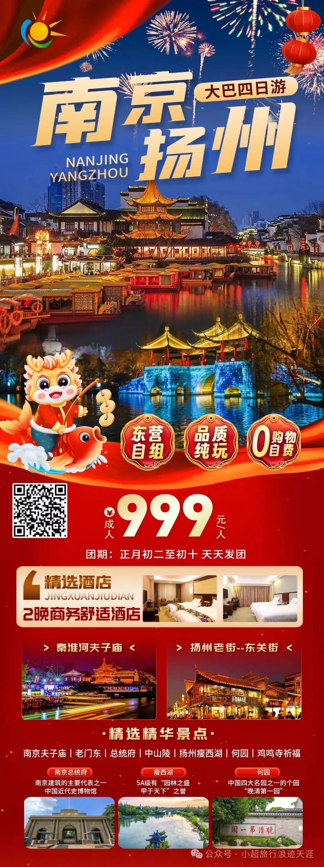8、【南京+扬州】南京夫子庙、老门东、总统府、中山陵+扬州瘦西湖+何园大巴四日游 2月11号
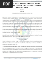 Domain names make the Internet navigable for humans. All servers, computers and other devices linked to the Internet use a unique Internet Protocol (IP) number as their address within the network. Typing [Link] into the address bar of a web browser will lead to the website of a well known search engine from California. Since IP numbers are hard to remember for Internet users, the Domain Name System (DNS) provides shortcuts, assigning more memorizable domain names to the underlying IP numbers. Each domain name consists out of at least two components: Top Level Domains (TLD) structure the overall name space into a limited number of subsets that either have a global scope (gTLD) like COM, NET, ORG or that are country specic (ccTLD) like DE, FR, NL.5 Each TLD is subdivided into Second Level Domains (SLD) that can consist out of letters, numbers and hyphens only. Spaces are not allowed. The combination of a TLD and SLD, separated by a colon, is commonly referred to as an Internet domain name. It cannot exceed 67 characters in total.6 From a lawyers perspective, it is not resolved yet whether a domain name is an intangible asset or just a contractual right (Burshtein, 2005) in practice, the case is clear: domains are treated and traded like assets. The primary market for domain names resembles the land rushes in 19th century America (Lindenthal, 2011). The general rule is: Whoever les a registration for a domain rst receives this domain. No costs but a modest registration fee to the TLD registry are incurred. As a result of this liberal rst-come-rst-serve approach, the number of domain names grew rapidly in the last decade. Figure 1 visualizes the growth in the total number of registered .COM/.NET/.ORG domains since 1998. == insert Figure 1 about here == A domain must be renewed in periodic intervals, again incurring a fee. As long as the renewal fees are taken care of, the domain owner enjoys full ownership benets, including the possibility to rent out the domain or to sell it at the secondary market. Domains that do not get renewed become
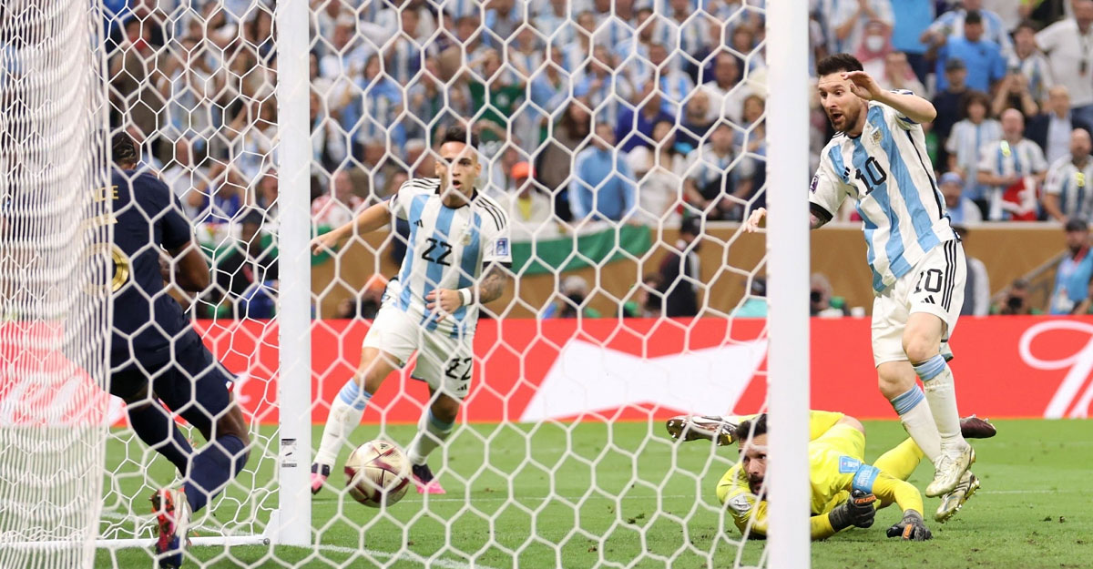 দুরন্ত আক্রমণে মেসি পেয়ে যান গোল। লাউতারো মার্তিনেসের শট ফিরিয়ে দিলেও শেষ রক্ষা হয়নি। ফিরতি বল মেসির হাঁটুতে লেগে গোলের সীমানায় ঢুকে যায়। বিশ্বকাপের ফাইনালে জোড়া গোল মেসির। যদিও ফ্রান্স অফসাইডের আবেদন করেছিল। কিন্তু ভার-এ দেখা গেল, ফ্রান্সের ডিফেন্ডার কিছুটা ভেতরে ঢুকে ছিলেন। আর আরেক ফুটবলার গোলপোস্টের ভেতর থেকে বল ফিরিয়ে দেন।

(Goal of the exercise) Give back the material word for word and drop the pictures it holds.

(Result of the exercise)
8、【南京+扬州】南京夫子庙、老门东、总统府、中山陵+扬州瘦西湖+何园大巴四日游 2月11号
 Domain names make the Internet navigable for humans. All servers, computers and other devices linked to the Internet use a unique Internet Protocol (IP) number as their address within the network. Typing [Link] into the address bar of a web browser will lead to the website of a well known search engine from California. Since IP numbers are hard to remember for Internet users, the Domain Name System (DNS) provides shortcuts, assigning more memorizable domain names to the underlying IP numbers. Each domain name consists out of at least two components: Top Level Domains (TLD) structure the overall name space into a limited number of subsets that either have a global scope (gTLD) like COM, NET, ORG or that are country specic (ccTLD) like DE, FR, NL.5 Each TLD is subdivided into Second Level Domains (SLD) that can consist out of letters, numbers and hyphens only. Spaces are not allowed. The combination of a TLD and SLD, separated by a colon, is commonly referred to as an Internet domain name. It cannot exceed 67 characters in total.6 From a lawyers perspective, it is not resolved yet whether a domain name is an intangible asset or just a contractual right (Burshtein, 2005) in practice, the case is clear: domains are treated and traded like assets. The primary market for domain names resembles the land rushes in 19th century America (Lindenthal, 2011). The general rule is: Whoever les a registration for a domain rst receives this domain. No costs but a modest registration fee to the TLD registry are incurred. As a result of this liberal rst-come-rst-serve approach, the number of domain names grew rapidly in the last decade. Figure 1 visualizes the growth in the total number of registered .COM/.NET/.ORG domains since 1998. == insert Figure 1 about here == A domain must be renewed in periodic intervals, again incurring a fee. As long as the renewal fees are taken care of, the domain owner enjoys full ownership benets, including the possibility to rent out the domain or to sell it at the secondary market. Domains that do not get renewed become
 দুরন্ত আক্রমণে মেসি পেয়ে যান গোল। লাউতারো মার্তিনেসের শট ফিরিয়ে দিলেও শেষ রক্ষা হয়নি। ফিরতি বল মেসির হাঁটুতে লেগে গোলের সীমানায় ঢুকে যায়। বিশ্বকাপের ফাইনালে জোড়া গোল মেসির। যদিও ফ্রান্স অফসাইডের আবেদন করেছিল। কিন্তু ভার-এ দেখা গেল, ফ্রান্সের ডিফেন্ডার কিছুটা ভেতরে ঢুকে ছিলেন। আর আরেক ফুটবলার গোলপোস্টের ভেতর থেকে বল ফিরিয়ে দেন।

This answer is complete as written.